In the real world with he regular situation it can take a day to run
our code
on such input. So,we need something to increase the speed of execution.
We need MULTITHREADING. Good idea! I am working on the "louis"
that has 14 processors. Therefore we can do 14 threads and uor job
will be done 14 times faster! First we have to "break" the
code  create/separate
a function to be threaded. Then ,create threads and let it go! This
is the part of the the code I wrote in order to perform our task(cerating
14 threads + let them wait for each other):
#define PROCESSORS 14
:
:
:
for(v=0;v<PROCESSORS;v++){
.......if(pthread_create(&thread_id[v],NULL,aThreadFunction,(void*)dummy)>0)
...............printf("error in pthread_create %d\n",v);
}
for(z=0;z<PROCESSORS;z++)
.....if(pthread_join(thread_id[z],(void**)pp_status)>0)
..............printf("error in pthresd_join %d\n",z);
I tested aThreadFunction on several inputs.
Unfortunately, my "separated" function works perfectly with
"singlethreading",
and gives me some "Memory fault" in "multithreading".
So I need to look at the code closer and find out what's wrong...

Week 8 
Ok,I fixed those "multithreading memory fault"(it took a
lot of time, but I really enjoyed searching throught the code and applying
some debugging features
almost to every line!)+ I needed to use mutex_lock and mutex_unlock
for every global variable I used.I was using some glabal variables in
order to store data
from each thread execution.
These are the fragments of the code that represents the ussage of
glabal variables+mutex_lock() and mutex_unlock() functions:
#include <pthread.h>
#define _REENTRANT
#define PROCESSORS 14
pthread_mutex_t my_lock = PTHREAD_MUTEX_INITIALIZER;
int * array;
.........
main(){
.......
.....array=(int*)malloc(PROCESSORS)*sizeof(int));
}
......
void* aThreadFunction (void*){
........
.....pthread_mutex_lock(&my_lock);
.....array[size]++;
.....pthread_mutex_unlock(&my_lock);
.......
}
But the execution of our code is still not fast enough.
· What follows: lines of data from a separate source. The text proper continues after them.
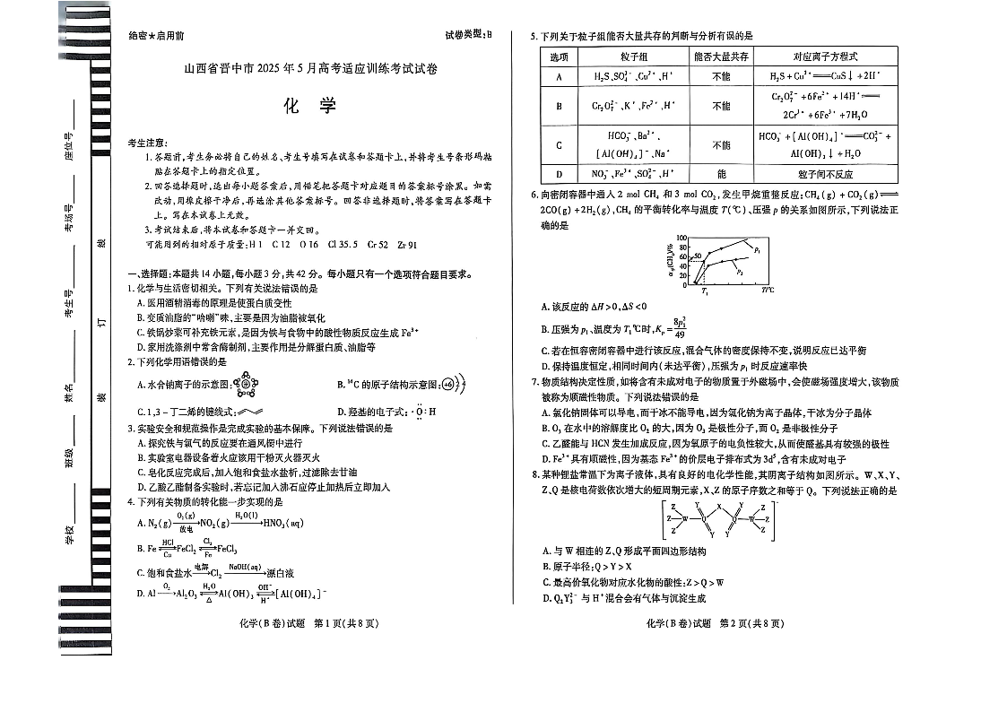 山西省晋中市2025年5月高考适应训练考试(三模)化学
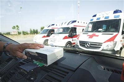 4月22日,工作人员在海淀一停车场展示如何检测救护车计价器。5月起北京救护车按载客里程收费。 新京报记者 王嘉宁 摄
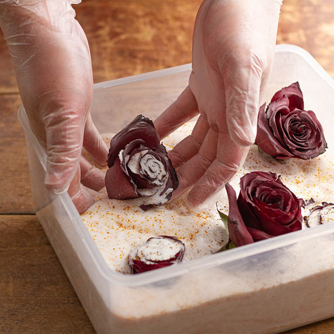 Use silica gel in an airtight container to make sure it will absorb moisture from the petals. Most flowers will dry in 36 to 48 hours. Store flowers dried with silica gel in a shadow box or airtight display case.

So,probably
we need to modify our aThreadFunction so that it takes care of some
number of instances(instead of just 1 instance as it has been so far)...

Week 9 
As I mentioned before, we need to modify the aThreadFunction
so that the threads can handle more than just 1 instance( so far each
thread has been taking care of just one instance processing)  and
now I decided to let each one do some number of instasnces (NUMINST
/ PROCESSORS). And assign
NUMINST %PROCESSORS to the first thread (the first thread starts first
and can do more job than others). +I created a special array of FORMULAs
that is glabal as a source of instances for our threads. Analyzing the
execution process,we reached the conclusion  probably, we need to
eleminate
the number of mutex_locks and mutex_unlocks because they slow down
the execution of the code a lot. So I introduced some glabal arrays
each position of which was responsible for a specific thread.
This is the fragment of the modified code: (function aThreadFunction)
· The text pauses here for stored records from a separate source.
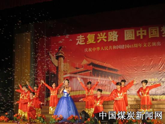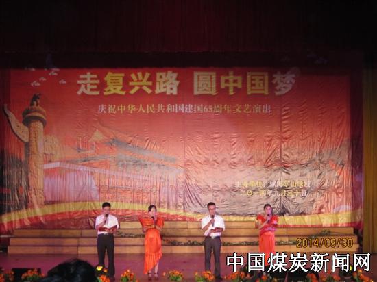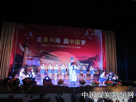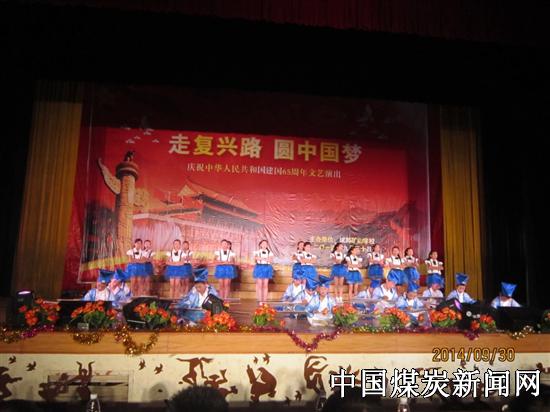 【本网讯】9月30日上午,川煤集团达竹公司斌郎煤矿演艺中心座无虚席,达州市经开区斌郎矿山学校600余名师生欢聚一堂,载歌载舞共同迎接伟大的祖国65岁生日。舞台中央“走复兴路 圆中国梦”几个大字在灯光的映衬下显得格外耀眼、夺目。达竹煤电集团斌郎煤矿领导、社会事务局领导以及经开区辖区内4所兄弟学校的校长应邀和全体师生一同观看了演出。
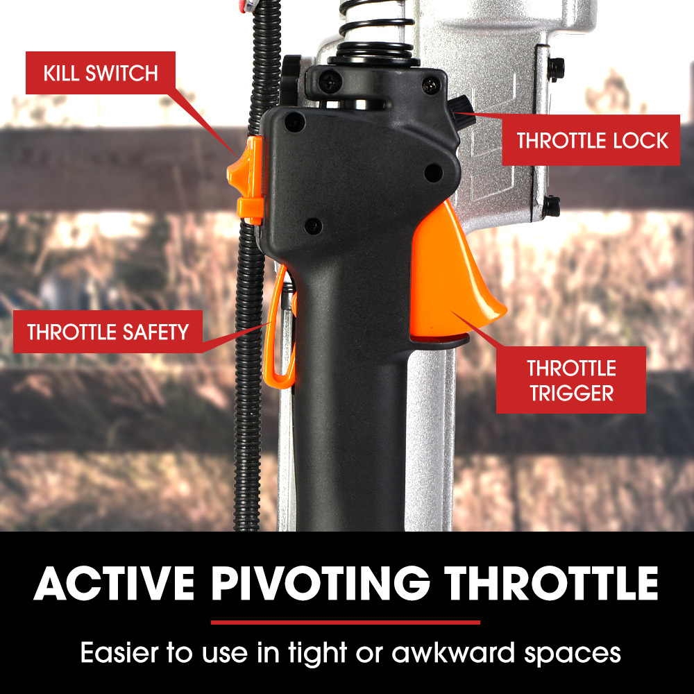 This petrol post driver is designed for driving fence posts, star pickets, tent stakes, and similar objects into the ground. It features a powerful four-stroke engine that delivers high impact force, making tasks quicker and easier. The lightweight and portable design allows for use in tight spaces and easy transportation between job sites.
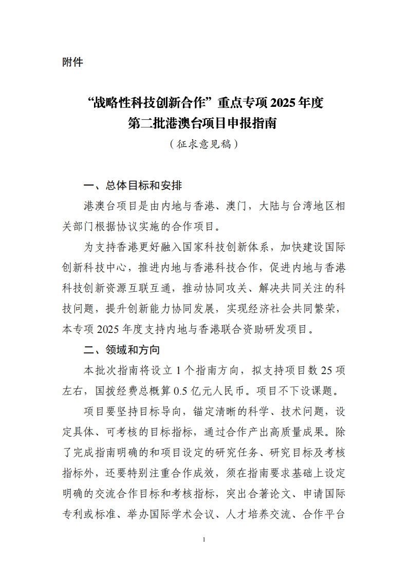 关于对国家重点研发计划“战略性科技创新合作”重点专项2025年度第二批港澳台项目申报指南征求意见的通知

void* aThreadFunction (void *t){
.........FORMULA *f;
........int M=( (DATASTRUCT*) t)>M;
........int N=( (DATASTRUCT*) t)>N;
........int instance=( (DATASTRUCT*) t)>numbinst;
........FORMULA *ftemp;
........int count=0;
........int size=0,i;
........int setsize=0;
........int setcount=0;
........int *id=(int*)malloc(sizeof(int));
.......*id=pthread_self();
.......for(i=0;i<instance;i++){
..................f=flaCopy (farray[special++]);
..................ftemp=flaCopyWithBackbone(*f);
..................count=flaDP(f,0);
..................setcount+=count;
..................if(count){
.....................size=test(ftemp);
.....................if(size){
.........................setsize+=size;
....................}
.................}
.................flaFree(f);
................flaFree(ftemp);
......}
......threadarray[pp++]=setsize;
......countarray[tt++]=setcount;
.....*id=pthread_self();
......return (void*)id;
}

Week 10 
This is the last week of my summer reaaserch. And we decided to do
the summary of all our results. I was suggested and taught the "gnuplot"
techniques. For example,I used a series of commands to "create"
one of the graphs: (in Unix)
#> gnuplot
#>set data style linespoints
#>set title "3SAT n=20 numinst=1000"
#>set xlabel "alpha"
#>set ylabel "satisfiability"
#>plot "o1"
can also use:
#>set terminal postscript
#>set output "o1.ps"
#>plot "o1"
(or just #> replot)
So, I was running all the combinations of input (with certain values
of alpha)
and then putting everything in forms of graphs. You can see all the
graphs
in my final report.